Fine Tuning The Adam Optimizer - jcjohnson/neural-style GitHub Wiki

Neural-Style has two choices for optimizers, L-BFGS, and Adam. Of these two choices, Adam is more efficient, but seems to suffer in terms of quality as result. However, it appears like some of these issues with Adam can be corrected by adjusting the parameters which the optimizer uses.

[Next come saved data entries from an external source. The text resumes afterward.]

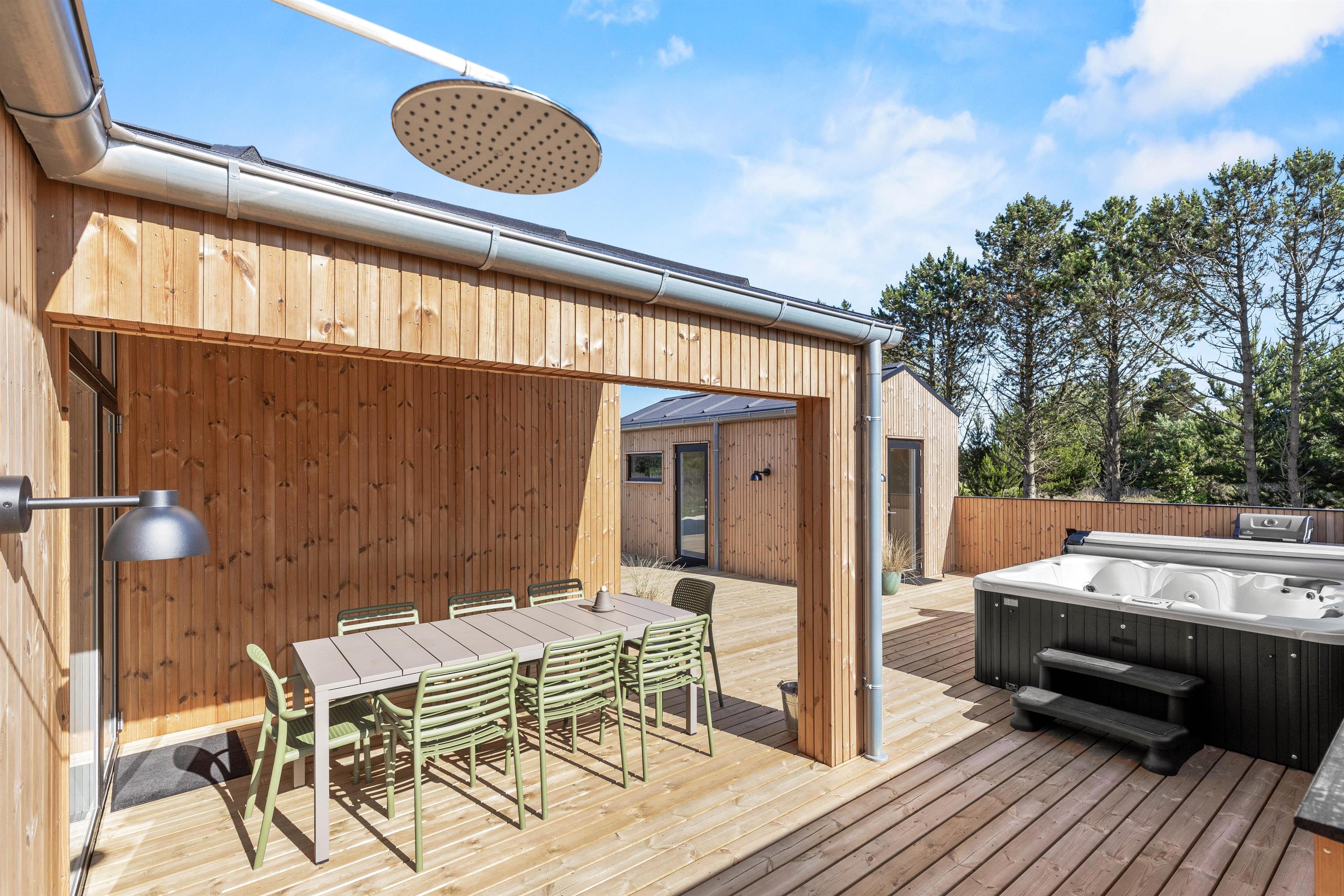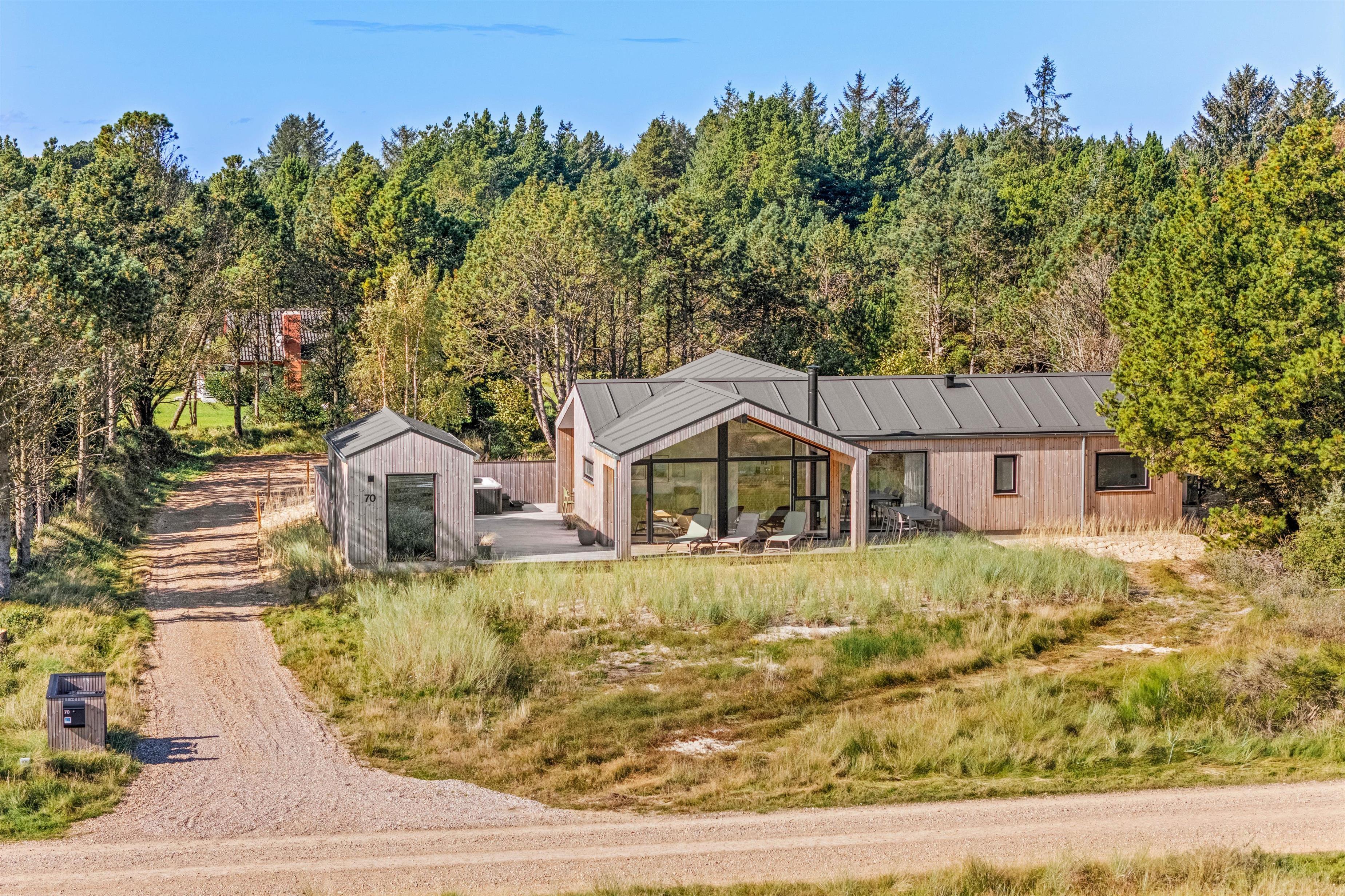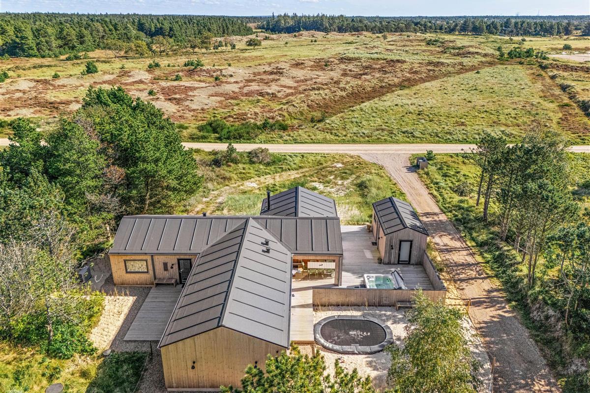 At Gl. Mælkevej 70, you can look forward to a wonderful retreat surrounded by Scandinavian design and hygge atmosphere in the beautiful Danish West Coast nature. This newly built 2024 holiday home offers everything you could wish for. Alongside its high-end furnishings, you'll find a games room with pool table, table tennis, plus an outdoor hot tub and sauna. All of this is crowned by its peaceful location overlooking the "Kallesmærsk Hede" nature reserve.
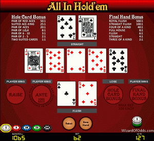 - "प्लेयर होल कार्ड्स बोनस बेट" का भुगतान खिलाड़ी के दो होल्ड कार्ड्स के मूल्य के अनुसार किया जाता है। भुगतान तालिका नीचे दी गई है।
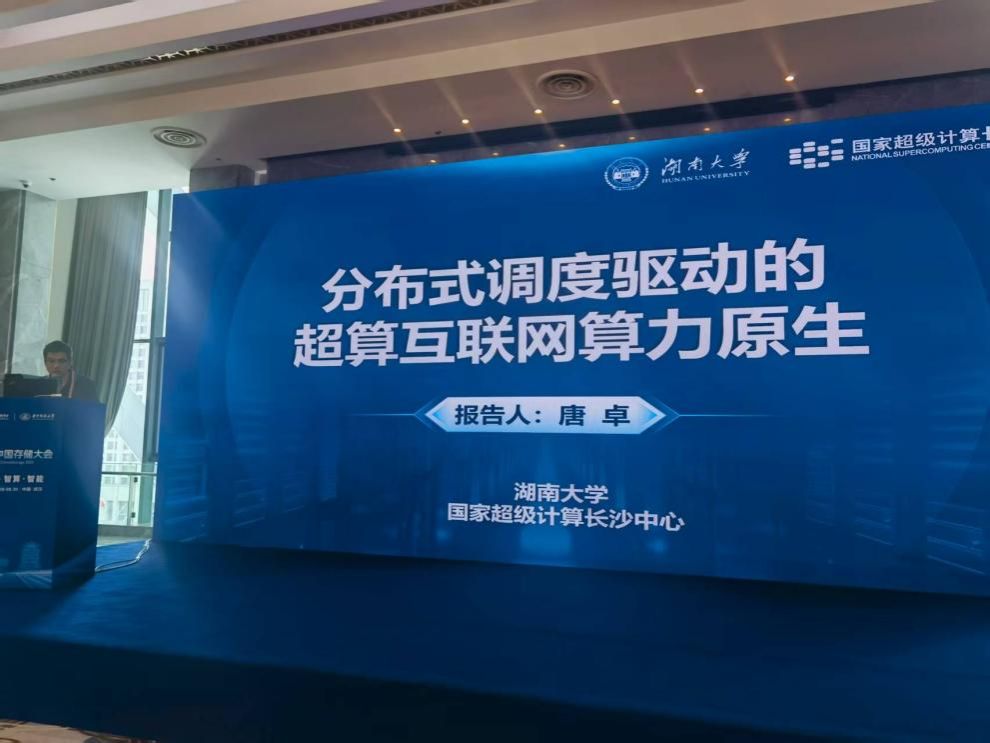湖南大学信息科学与工程学院院长、网络空间安全学院院长、国家超级计算长沙中心总工程师唐卓 教授 在 《 分布式调度驱动的超算互联网算力原生技术与实践 》 报告中, 系统阐释了分布式调度框架下算力原生技术的关键问题与创新实践。通过资源编排与跨域调度优化,其团队在算力高效利用与任务智能分配方面取得了重要进展,为超算互联网的发展提供了实践借鉴。

In the optim library that Neural-Style uses, adam.lua contains all the usable parameters for the Adam optimizer:

ARGS:
- 'opfunc' : a function that takes a single input (X), the point
             of a evaluation, and returns f(X) and df/dX
- 'x'      : the initial point
- 'config` : a table with configuration parameters for the optimizer
- 'config.learningRate'      : learning rate
- `config.learningRateDecay` : learning rate decay
- 'config.beta1'             : first moment coefficient
- 'config.beta2'             : second moment coefficient
- 'config.epsilon'           : for numerical stability
- 'config.weightDecay'       : weight decay
- 'state'                    : a table describing the state of the optimizer; after each
                              call the state is modified

Of these parameters, the beta1 and epsilon seem to be the best for helping correct some of Adam's issues, like gray/grey spots.

See the comments starting from here or the post here for some experiments involving Adam's parameters, and their effects on style transfer outputs.

This modified version of neural_style.lua was created to simplify experimentation with Adam's parameters, but experimentation can also be done by manually modifying lines 233-236, in neural_style.lua.

The optimal parameters for Adam appear to be:

    optim_state = {
      learningRate = params.learning_rate,
      beta1 = 0.99,
      epsilon = 1e-1,
    }